### Supplied entries
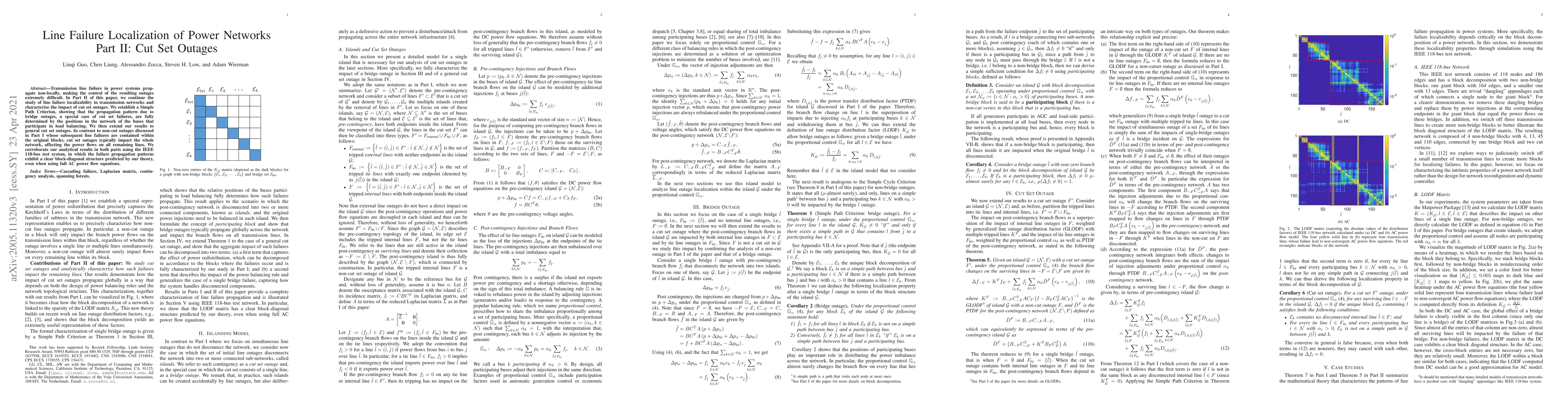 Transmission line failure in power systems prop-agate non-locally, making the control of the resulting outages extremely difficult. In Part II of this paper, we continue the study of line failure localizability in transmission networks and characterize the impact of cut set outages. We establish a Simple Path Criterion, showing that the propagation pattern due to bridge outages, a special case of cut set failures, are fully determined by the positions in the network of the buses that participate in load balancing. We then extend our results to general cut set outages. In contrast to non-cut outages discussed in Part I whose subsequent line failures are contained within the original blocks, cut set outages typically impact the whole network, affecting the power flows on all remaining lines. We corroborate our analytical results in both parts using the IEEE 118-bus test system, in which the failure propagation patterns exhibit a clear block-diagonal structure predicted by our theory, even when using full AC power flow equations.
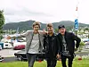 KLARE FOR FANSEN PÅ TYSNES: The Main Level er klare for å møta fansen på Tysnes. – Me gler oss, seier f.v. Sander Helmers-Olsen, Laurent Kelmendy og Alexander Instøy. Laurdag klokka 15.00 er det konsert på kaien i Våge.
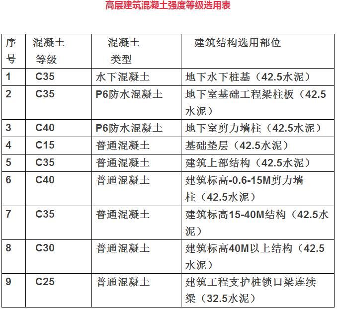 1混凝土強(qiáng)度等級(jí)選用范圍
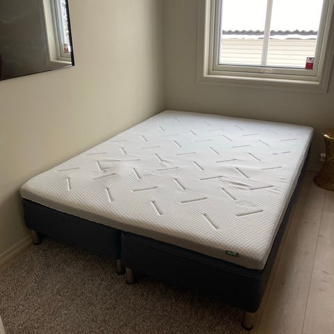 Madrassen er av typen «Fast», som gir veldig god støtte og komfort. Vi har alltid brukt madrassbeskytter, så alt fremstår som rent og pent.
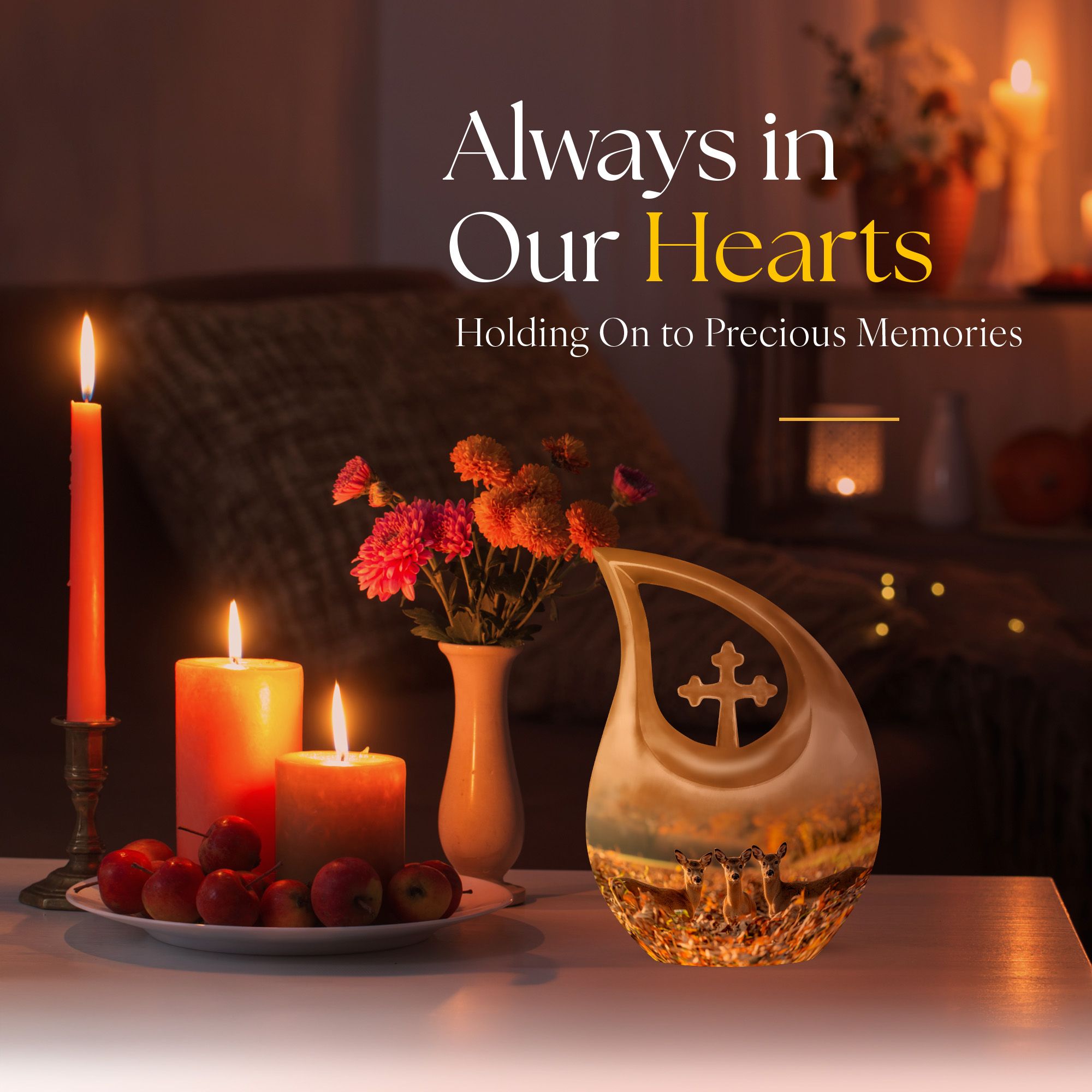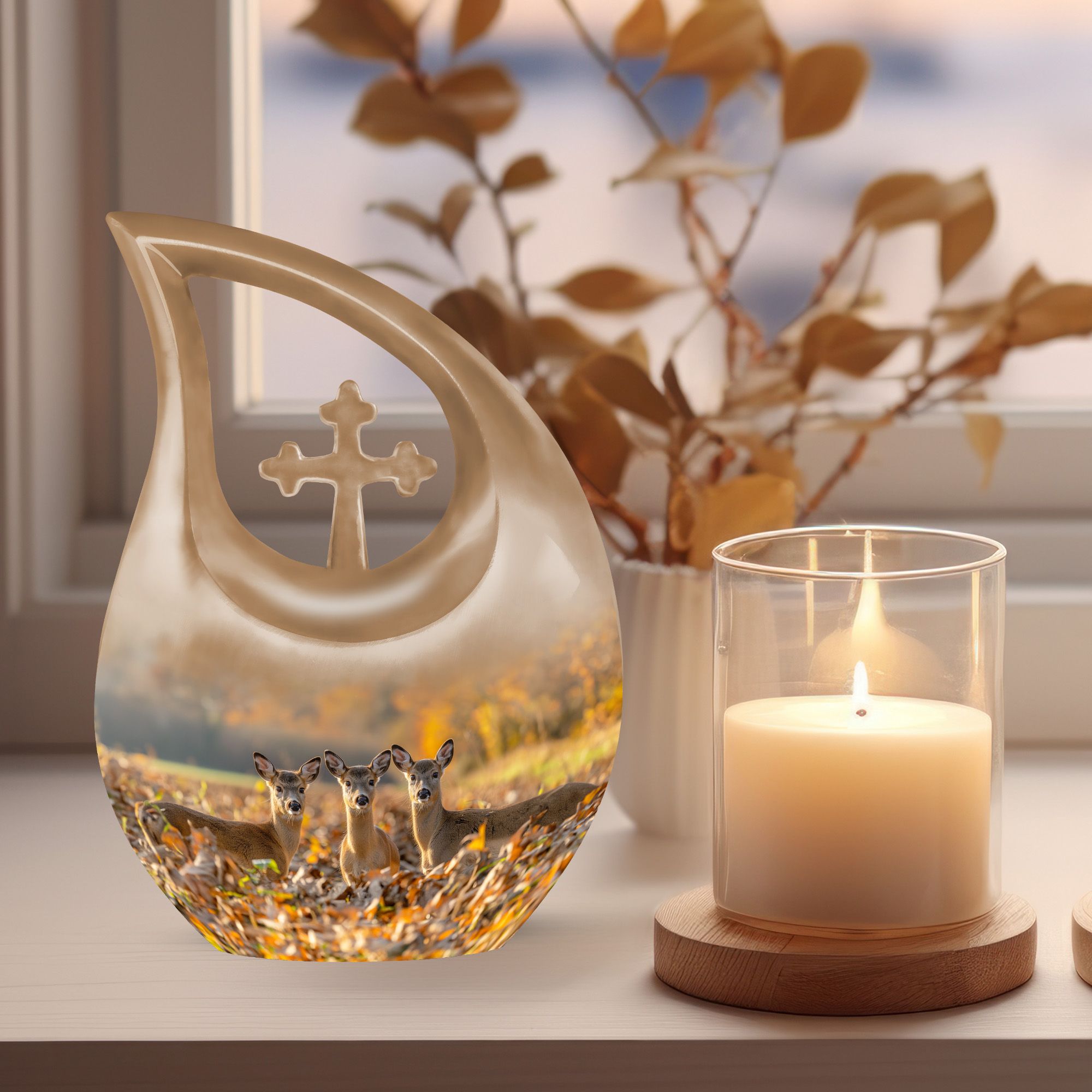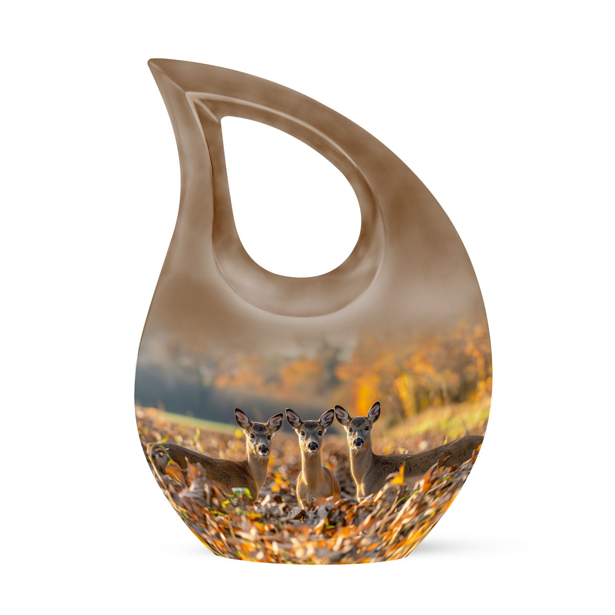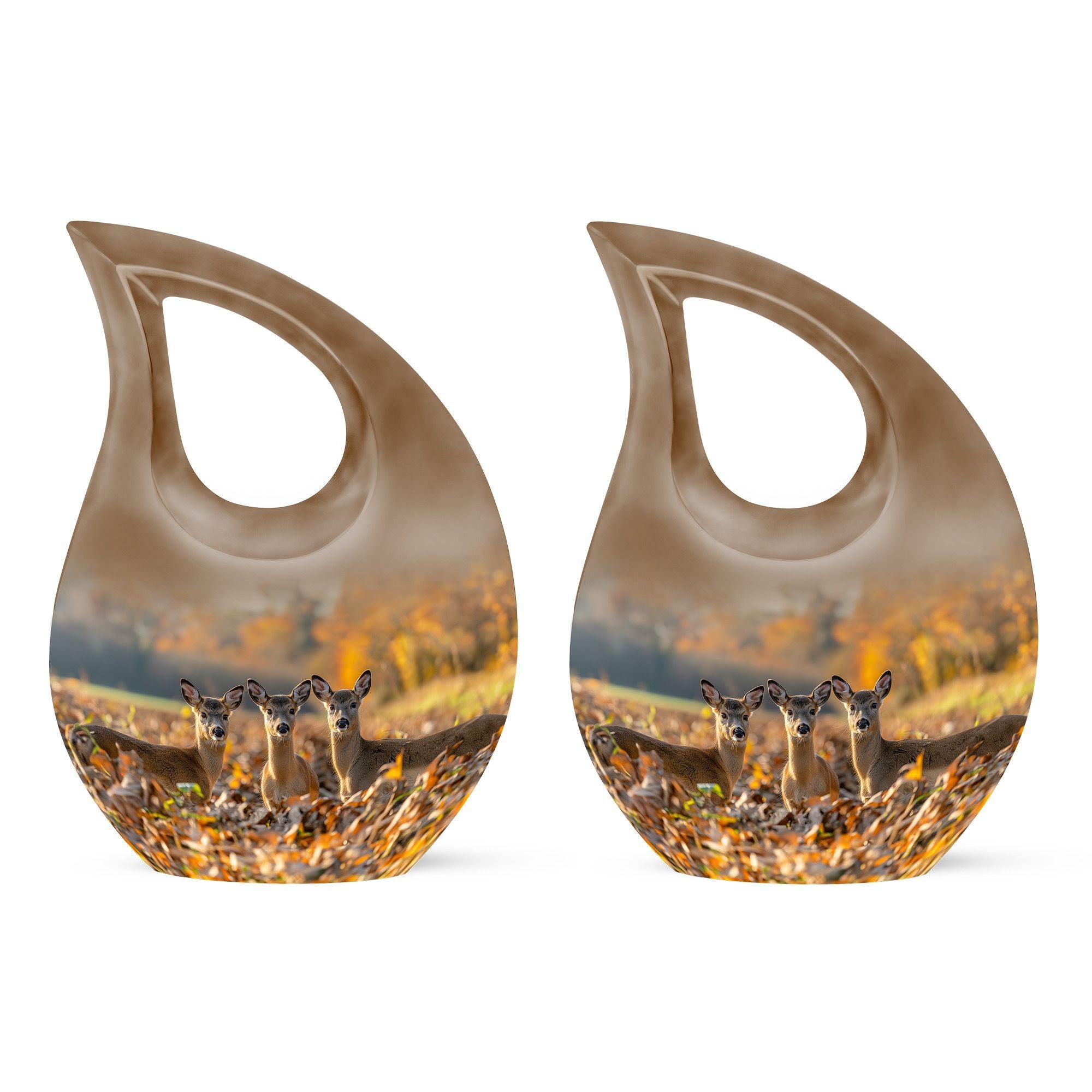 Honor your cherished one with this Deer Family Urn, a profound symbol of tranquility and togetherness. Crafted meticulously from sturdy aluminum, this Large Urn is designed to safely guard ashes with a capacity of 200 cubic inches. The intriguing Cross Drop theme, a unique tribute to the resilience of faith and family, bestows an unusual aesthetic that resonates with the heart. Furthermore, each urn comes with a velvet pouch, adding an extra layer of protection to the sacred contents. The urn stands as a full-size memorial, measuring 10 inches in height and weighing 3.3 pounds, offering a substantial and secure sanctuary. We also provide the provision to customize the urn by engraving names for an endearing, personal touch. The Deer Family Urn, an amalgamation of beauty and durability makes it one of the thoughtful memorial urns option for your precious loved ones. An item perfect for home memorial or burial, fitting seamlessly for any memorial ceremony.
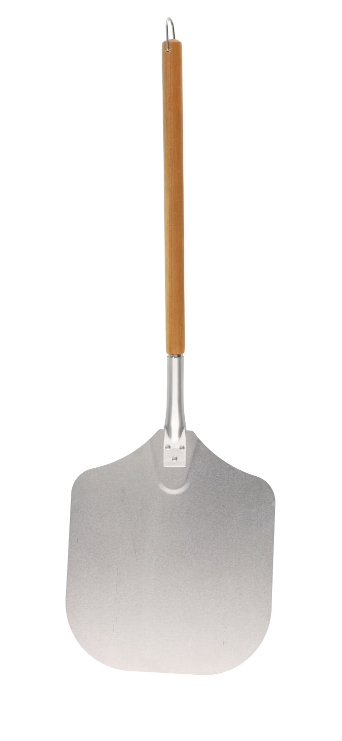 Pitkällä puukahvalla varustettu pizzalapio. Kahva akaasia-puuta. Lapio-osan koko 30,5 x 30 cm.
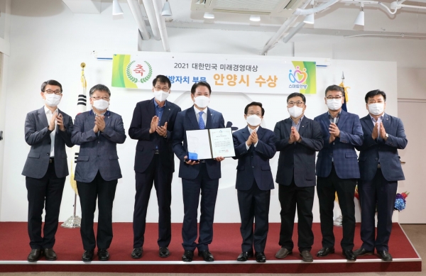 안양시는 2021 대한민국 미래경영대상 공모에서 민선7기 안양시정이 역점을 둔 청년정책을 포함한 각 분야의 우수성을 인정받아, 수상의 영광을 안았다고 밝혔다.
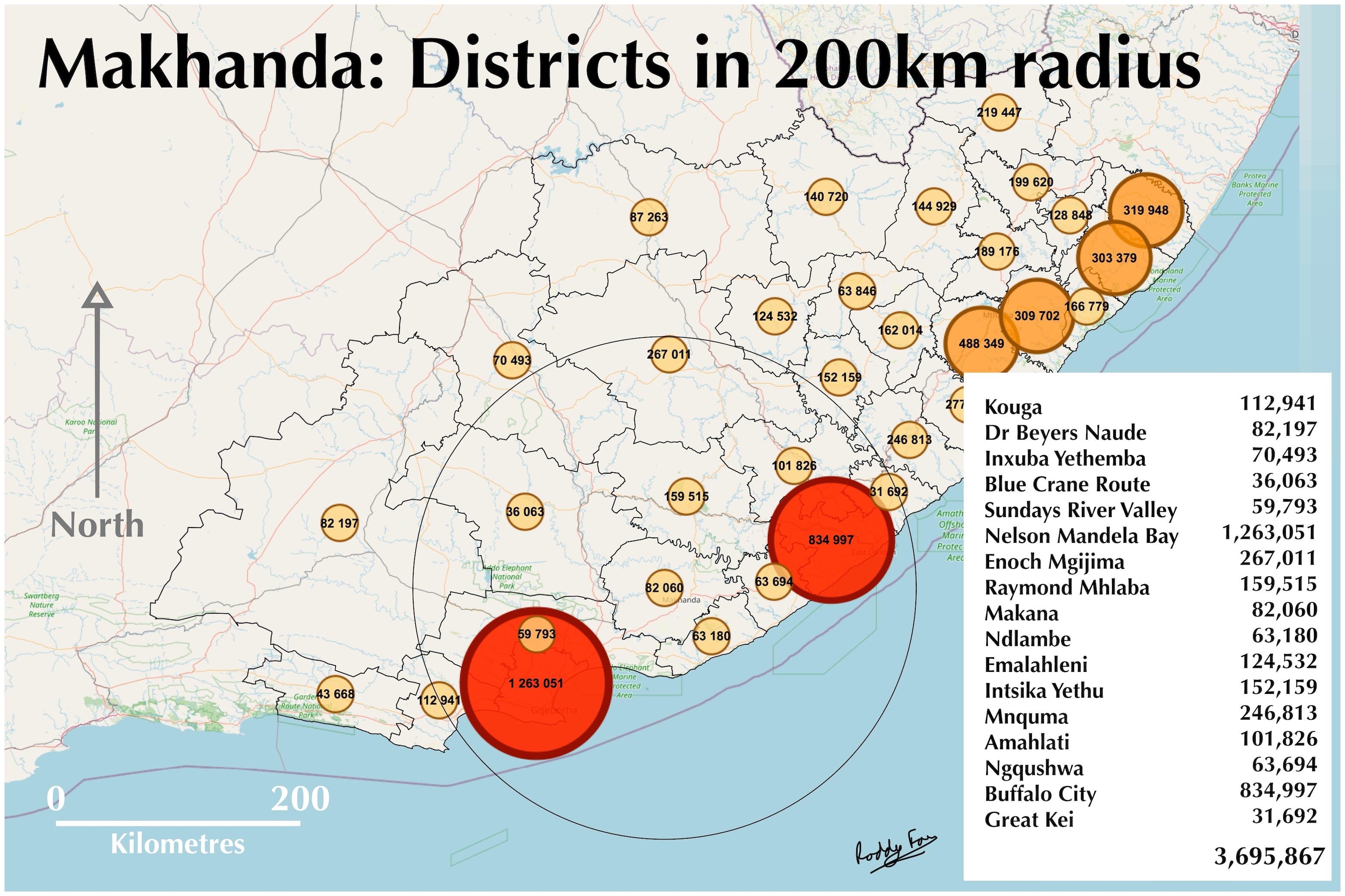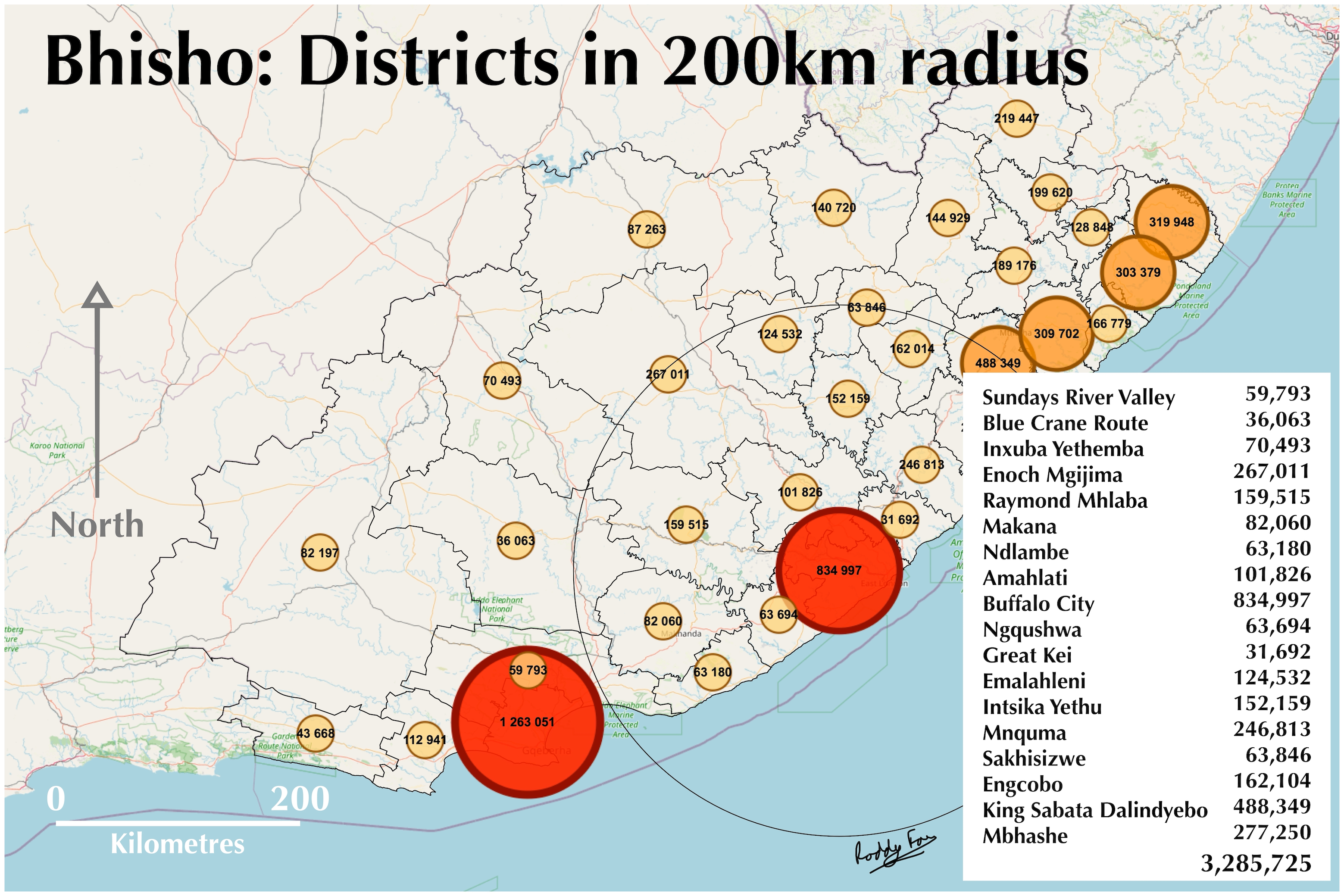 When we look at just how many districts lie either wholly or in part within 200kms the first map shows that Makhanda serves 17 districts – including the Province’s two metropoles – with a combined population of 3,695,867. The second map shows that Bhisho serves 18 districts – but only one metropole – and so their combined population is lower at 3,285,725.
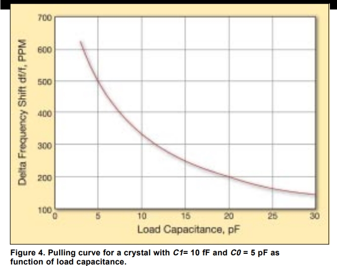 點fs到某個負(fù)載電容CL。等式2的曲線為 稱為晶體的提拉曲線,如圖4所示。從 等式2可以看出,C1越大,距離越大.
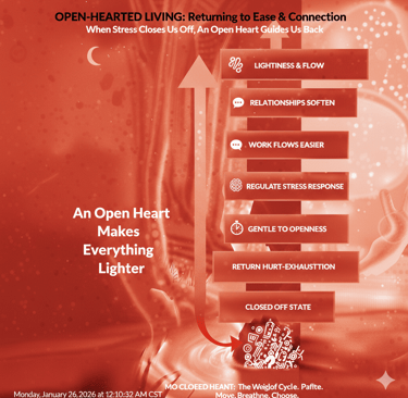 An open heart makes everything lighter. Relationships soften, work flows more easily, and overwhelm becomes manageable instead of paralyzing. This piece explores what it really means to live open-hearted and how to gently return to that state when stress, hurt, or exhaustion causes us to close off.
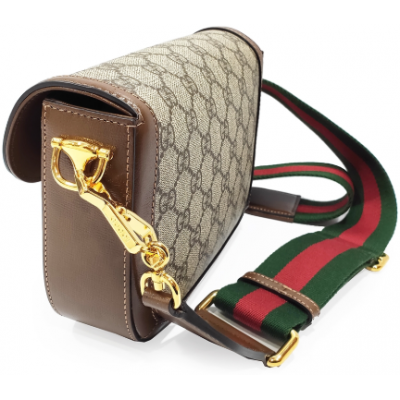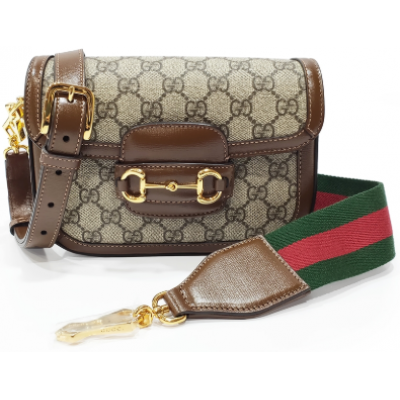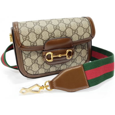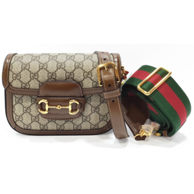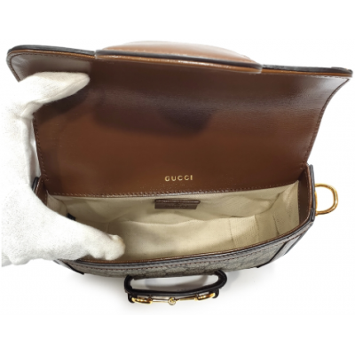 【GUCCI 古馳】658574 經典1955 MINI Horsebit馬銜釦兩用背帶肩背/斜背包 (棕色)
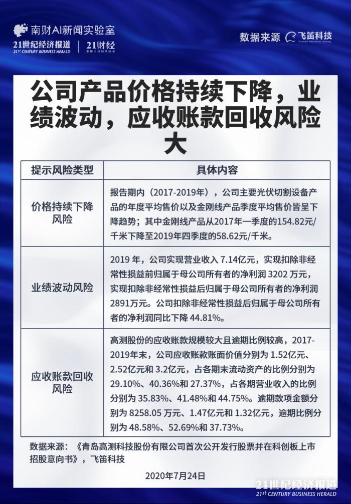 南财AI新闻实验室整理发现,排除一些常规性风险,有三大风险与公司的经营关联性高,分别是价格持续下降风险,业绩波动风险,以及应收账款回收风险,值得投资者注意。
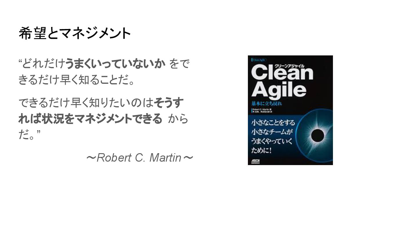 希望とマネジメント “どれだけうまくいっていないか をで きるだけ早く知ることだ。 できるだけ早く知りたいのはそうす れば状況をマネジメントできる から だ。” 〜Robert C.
######
## Your goal
The full material above must be output verbatim, minus any pictures.

## Task result
 Transmission line failure in power systems prop-agate non-locally, making the control of the resulting outages extremely difficult. In Part II of this paper, we continue the study of line failure localizability in transmission networks and characterize the impact of cut set outages. We establish a Simple Path Criterion, showing that the propagation pattern due to bridge outages, a special case of cut set failures, are fully determined by the positions in the network of the buses that participate in load balancing. We then extend our results to general cut set outages. In contrast to non-cut outages discussed in Part I whose subsequent line failures are contained within the original blocks, cut set outages typically impact the whole network, affecting the power flows on all remaining lines. We corroborate our analytical results in both parts using the IEEE 118-bus test system, in which the failure propagation patterns exhibit a clear block-diagonal structure predicted by our theory, even when using full AC power flow equations.
 KLARE FOR FANSEN PÅ TYSNES: The Main Level er klare for å møta fansen på Tysnes. – Me gler oss, seier f.v. Sander Helmers-Olsen, Laurent Kelmendy og Alexander Instøy. Laurdag klokka 15.00 er det konsert på kaien i Våge.
 1混凝土強(qiáng)度等級(jí)選用范圍
 Madrassen er av typen «Fast», som gir veldig god støtte og komfort. Vi har alltid brukt madrassbeskytter, så alt fremstår som rent og pent.
 Honor your cherished one with this Deer Family Urn, a profound symbol of tranquility and togetherness. Crafted meticulously from sturdy aluminum, this Large Urn is designed to safely guard ashes with a capacity of 200 cubic inches. The intriguing Cross Drop theme, a unique tribute to the resilience of faith and family, bestows an unusual aesthetic that resonates with the heart. Furthermore, each urn comes with a velvet pouch, adding an extra layer of protection to the sacred contents. The urn stands as a full-size memorial, measuring 10 inches in height and weighing 3.3 pounds, offering a substantial and secure sanctuary. We also provide the provision to customize the urn by engraving names for an endearing, personal touch. The Deer Family Urn, an amalgamation of beauty and durability makes it one of the thoughtful memorial urns option for your precious loved ones. An item perfect for home memorial or burial, fitting seamlessly for any memorial ceremony.
 Pitkällä puukahvalla varustettu pizzalapio. Kahva akaasia-puuta. Lapio-osan koko 30,5 x 30 cm.
 안양시는 2021 대한민국 미래경영대상 공모에서 민선7기 안양시정이 역점을 둔 청년정책을 포함한 각 분야의 우수성을 인정받아, 수상의 영광을 안았다고 밝혔다.
 When we look at just how many districts lie either wholly or in part within 200kms the first map shows that Makhanda serves 17 districts – including the Province’s two metropoles – with a combined population of 3,695,867. The second map shows that Bhisho serves 18 districts – but only one metropole – and so their combined population is lower at 3,285,725.
 點fs到某個負(fù)載電容CL。等式2的曲線為 稱為晶體的提拉曲線,如圖4所示。從 等式2可以看出,C1越大,距離越大.
 An open heart makes everything lighter. Relationships soften, work flows more easily, and overwhelm becomes manageable instead of paralyzing. This piece explores what it really means to live open-hearted and how to gently return to that state when stress, hurt, or exhaustion causes us to close off.
 【GUCCI 古馳】658574 經典1955 MINI Horsebit馬銜釦兩用背帶肩背/斜背包 (棕色)
 南财AI新闻实验室整理发现,排除一些常规性风险,有三大风险与公司的经营关联性高,分别是价格持续下降风险,业绩波动风险,以及应收账款回收风险,值得投资者注意。
 希望とマネジメント “どれだけうまくいっていないか をで きるだけ早く知ることだ。 できるだけ早く知りたいのはそうす れば状況をマネジメントできる から だ。” 〜Robert C.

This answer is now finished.